Elections présidentielles et politique étrangère

04/2017

La politique étrangère ne compte guère dans une élection présidentielle française. Combien de fois aura-t-on entendu cette affirmation qui est pourtant totalement fausse ?
Fausse tout d’abord pour des raisons institutionnelles. La Constitution de la Ve République, et plus encore la pratique constitutionnelle, continuent en effet de conférer au Président de la République la responsabilité des grands choix de politique étrangère et de politique de défense. Aucune autre politique publique n’est autant suivie par l’Elysée, réduisant parfois le ministère des Affaires étrangères et celui de la Défense à des rôles de supplétifs. Le développement depuis trente ans de la diplomatie au sommet, que Bertrand Badie appelle justement « la diplomatie de clubs » a eu tendance à renforcer l’idiosyncrasie française. A l’exception des périodes de cohabitation où la tâche est partagée avec le Premier ministre, c’est au Président et à son « sherpa » que revient la représentation des positions de la France au G20 et au G8. C’est à lui qu’appartient également la négociation des dossiers les plus sensibles au sein du Conseil européen réunissant les 28 (et demain les 27) chefs d’Etat et de gouvernement de l’Union européenne.

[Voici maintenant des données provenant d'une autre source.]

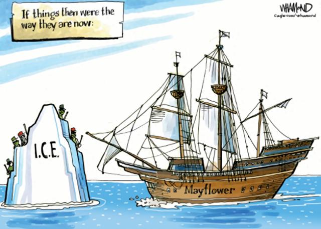 参考消息网11月26日报道“五月花”号帆船即将撞上严阵以待的ICE(美国移民和海关执法局)这座冰山。图片旁白:“如果当时的情况和现在一样”。特朗普政府今年1月执政以来奉行强硬的驱逐非法移民政策,引发广泛争议,被指动摇了立国之本。(原载美国政治漫画网)
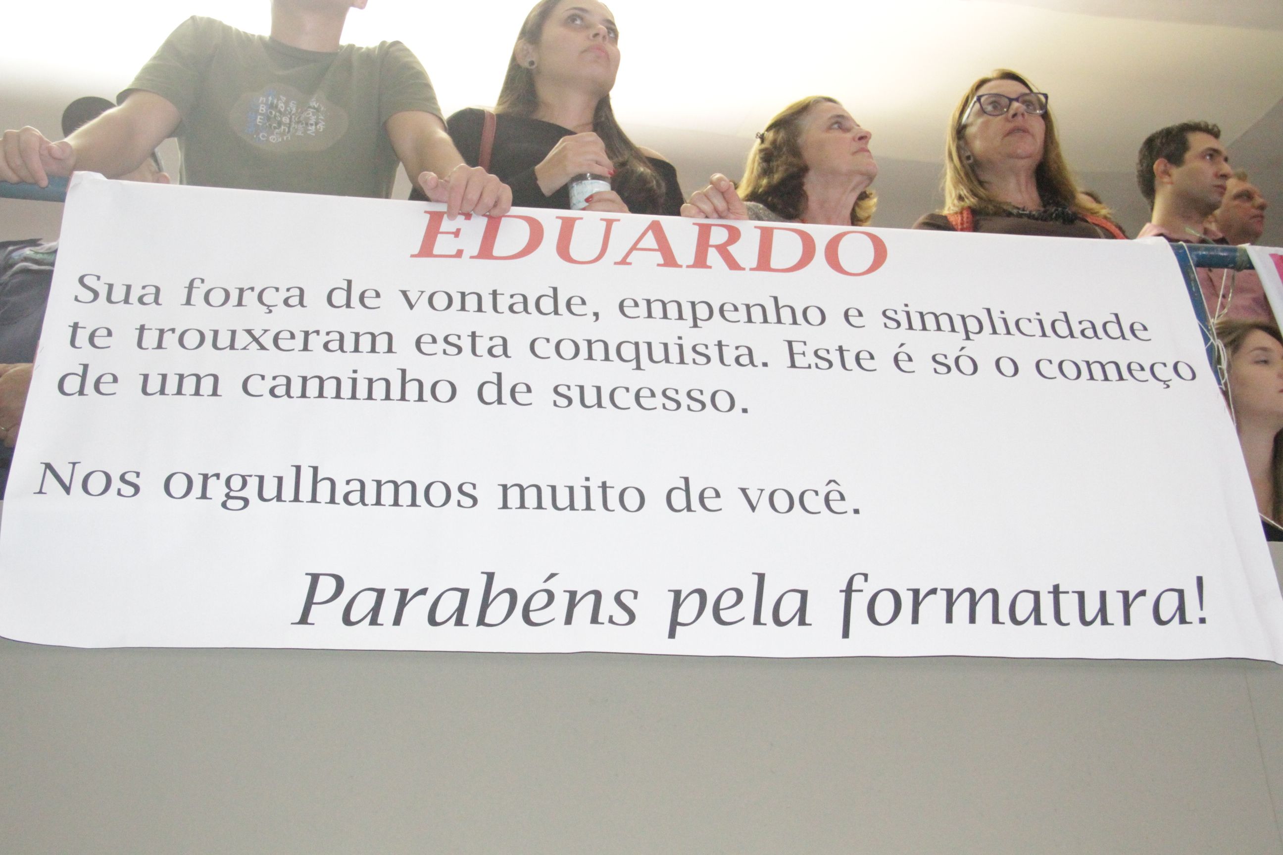 Lucas Rocha Vieira recebeu o Mérito Acadêmico no curso de Administração. Para ele, o reconhecimento da Universidade se deu em razão das atividades que realizou durante o curso, como monitoria, Programas de Educação Tutorial em Administração (PET/Administração), grupo de pesquisa, coral e orquestra. “Não sabia da homenagem e me senti muito honrado”.

Les contacts directs entre les « sommets de l’Etat », parfois mal vécus par les diplomates, ont tendance aussi à se multiplier sur le plan bilatéral. Pour prendre le cas de la relation franco-allemande, bien des décisions sont prises par le Président français, le Chancelier allemand et leurs entourages respectifs à Paris et Berlin sans qu’il y ait besoin de la médiation des ambassades. En France, les Présidents de la République se prennent d’ailleurs souvent au jeu de la politique étrangère et de la politique de défense au point de terminer leur mandat en s’y consacrant davantage. Ces politiques leur permettent de réajuster leurs images à l’égard de l’opinion publique française lorsque les autres sujets deviennent plus clivants. Parler de politique étrangère et de défense, c’est dans la logique de ce qu’a voulu le fondateur de la Ve République, incarner symboliquement l’intérêt national au dessus des querelles partisanes. Cette symbolique n’a jamais vraiment perdu son importance.

Deuxièmement, penser que la politique étrangère ne compte pas dans une élection présidentielle, c’est avoir une conception ancienne de la séparation entre l’interne et l’externe dans un Etat moderne. Il va de soi qu’aucune politique publique nationale n’échappe, en 2017, à une dimension externe, au point que l’on ne peut parfois plus faire la distinction entre ce qui est intérieur et ce qui est extérieur. La construction européenne est certainement le facteur externe qui pousse le plus loin la logique de l’interdépendance. Il est impossible de distinguer dans un pays comme la France les choix de politique économique des positions prises à Bruxelles, non seulement parce que des traités et un droit européen contraignent les politiques nationales, mais aussi parce que Paris réalise l’essentiel de ses échanges avec ses voisins européens. Les candidats à l’élection présidentielle qui  affirment qu’ils feront retrouver aux politiques publiques françaises leur pleine souveraineté risquent de déchanter assez vite. A moins d’être adepte de l’Albanie d’Enver Hodja, aucun chef de l’Etat français ne peut échapper à la logique de l’interdépendance.  Alors que le scrutin est très incertain et que les candidats susceptibles de gagner expriment des positions très clivées, on comprend pourquoi l’élection présidentielle française est suivie avec intérêt par les autres pays du monde.

A la tête d’un Etat qui reste la sixième puissance économique du monde, un membre permanent du conseil de sécurité des Nations unies et Etat fondateur de l’Union européenne, le président de la République française incarne (au moins symboliquement) l’interaction entre le national et le global. De sa politique intérieure dépend inévitablement sa politique étrangère et vice-versa. Dans la campagne qui s’annonce, certains candidats assument explicitement cette interdépendance. D’autres au contraire affirment un primat de la politique nationale qui s’imposerait comme le résultat du seul volontarisme. La deuxième posture est évidemment en décalage avec la réalité, mais les électeurs qui y souscrivent ne sont pas pour autant quantité négligeable et méritent que l’on s’y intéresse.
Ce sont les raisons pour lesquelles chercheurs et doctorants du CERI considèrent nécessaires de faire partager ici leur expertise sur les enjeux de politique étrangère de la prochaine élection présidentielle.